*Exercise brief*: Would you print all of the entries exactly, please, but without their pictures?

++++++

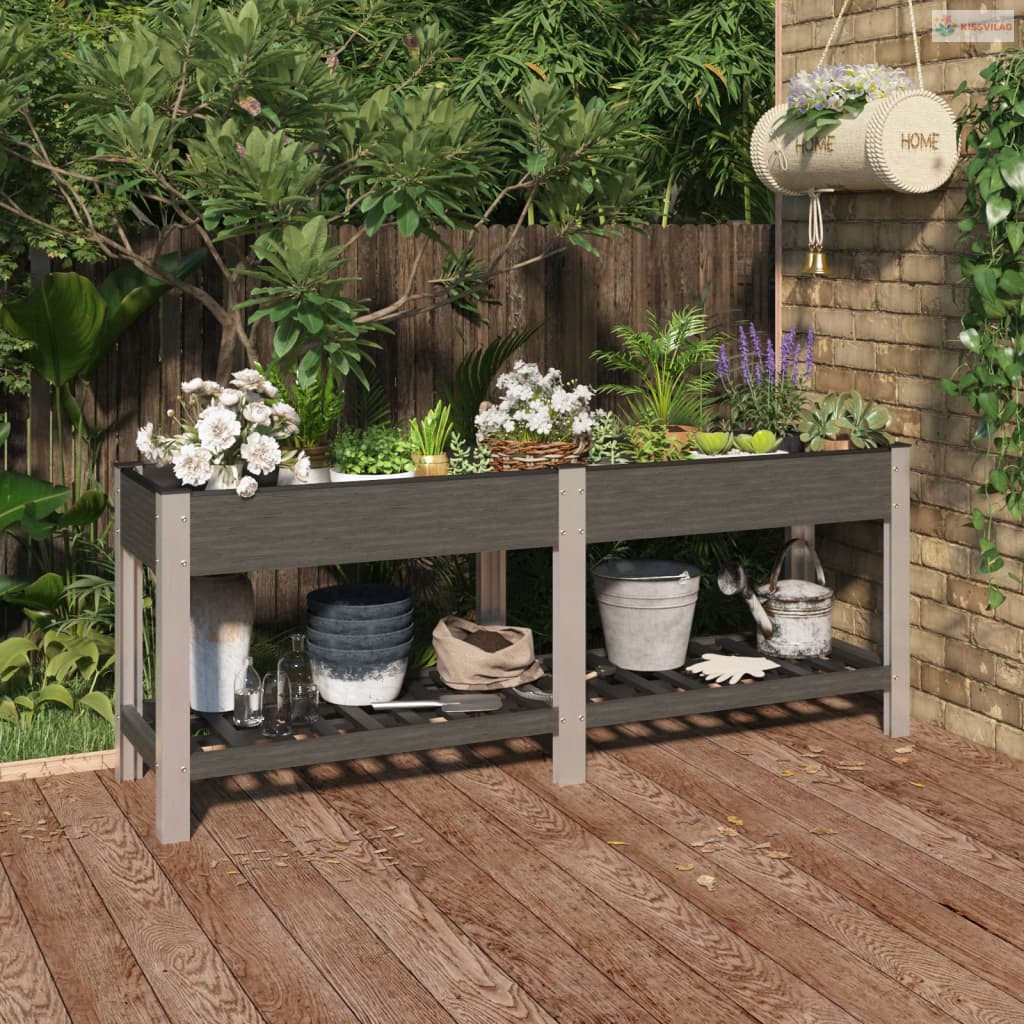 Szürke WPC kerti magaságyás polccal 200 x 50 x 75 cm
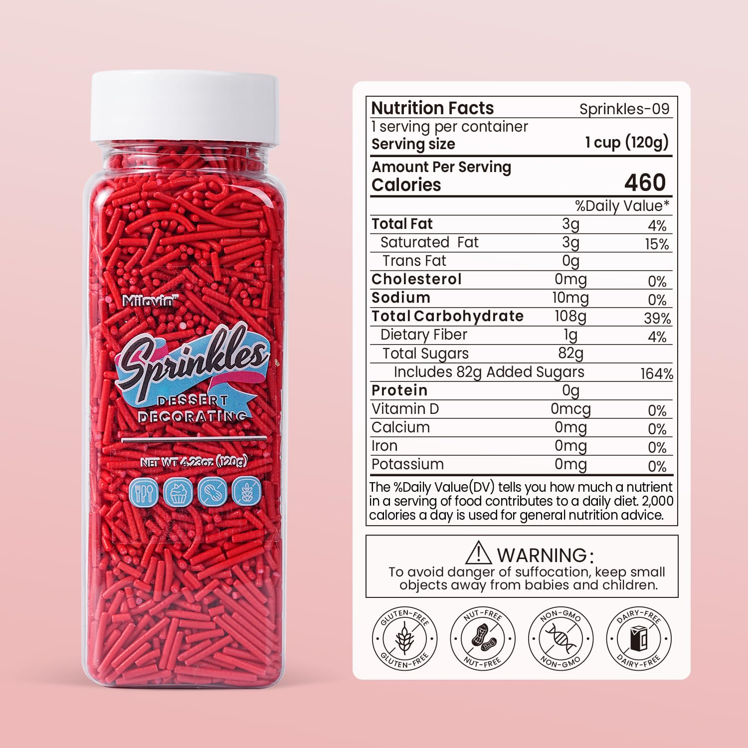 - High Quality and Safe: Made with food-grade ingredients. Edible, Gluten-free, Nut-free, Dairy-free, Non-GMO. Our red jimmies sprinkles meet American food standards and guard your and your family's health
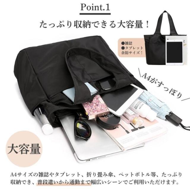 トートバッグ レディース a4 軽量 通勤 おしゃれ 大きめ 黒 軽い 撥水 ナイロン 大き目 縦 横 オシャレ トート バック
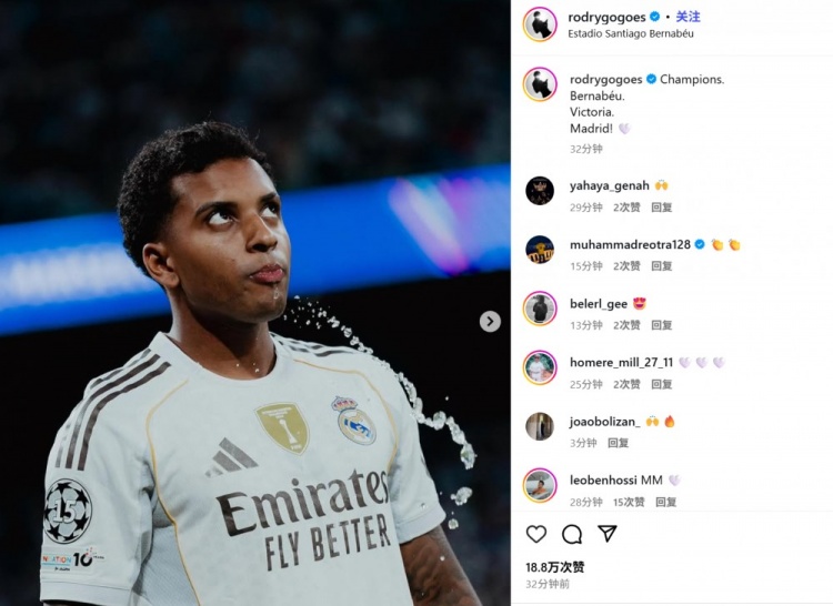 杆位造点!罗德里戈社媒庆祝:欧冠、伯纳乌、获胜 、马德里!
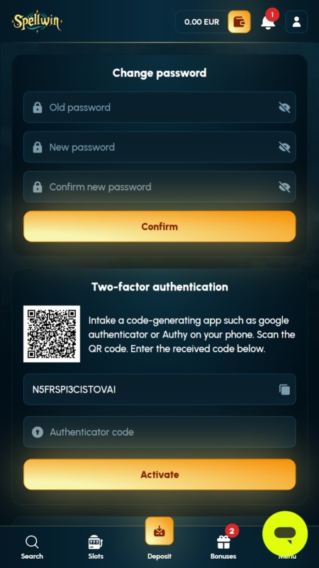 Papildu drošībai platformā pieejama arī divu faktoru autentifikācija (2FA), kas palīdz aizsargāt kontu pret neatļautu piekļuvi.

++++++

*Answer for this exercise*:
 Szürke WPC kerti magaságyás polccal 200 x 50 x 75 cm
 - High Quality and Safe: Made with food-grade ingredients. Edible, Gluten-free, Nut-free, Dairy-free, Non-GMO. Our red jimmies sprinkles meet American food standards and guard your and your family's health
 トートバッグ レディース a4 軽量 通勤 おしゃれ 大きめ 黒 軽い 撥水 ナイロン 大き目 縦 横 オシャレ トート バック
 杆位造点!罗德里戈社媒庆祝:欧冠、伯纳乌、获胜 、马德里!
 Papildu drošībai platformā pieejama arī divu faktoru autentifikācija (2FA), kas palīdz aizsargāt kontu pret neatļautu piekļuvi.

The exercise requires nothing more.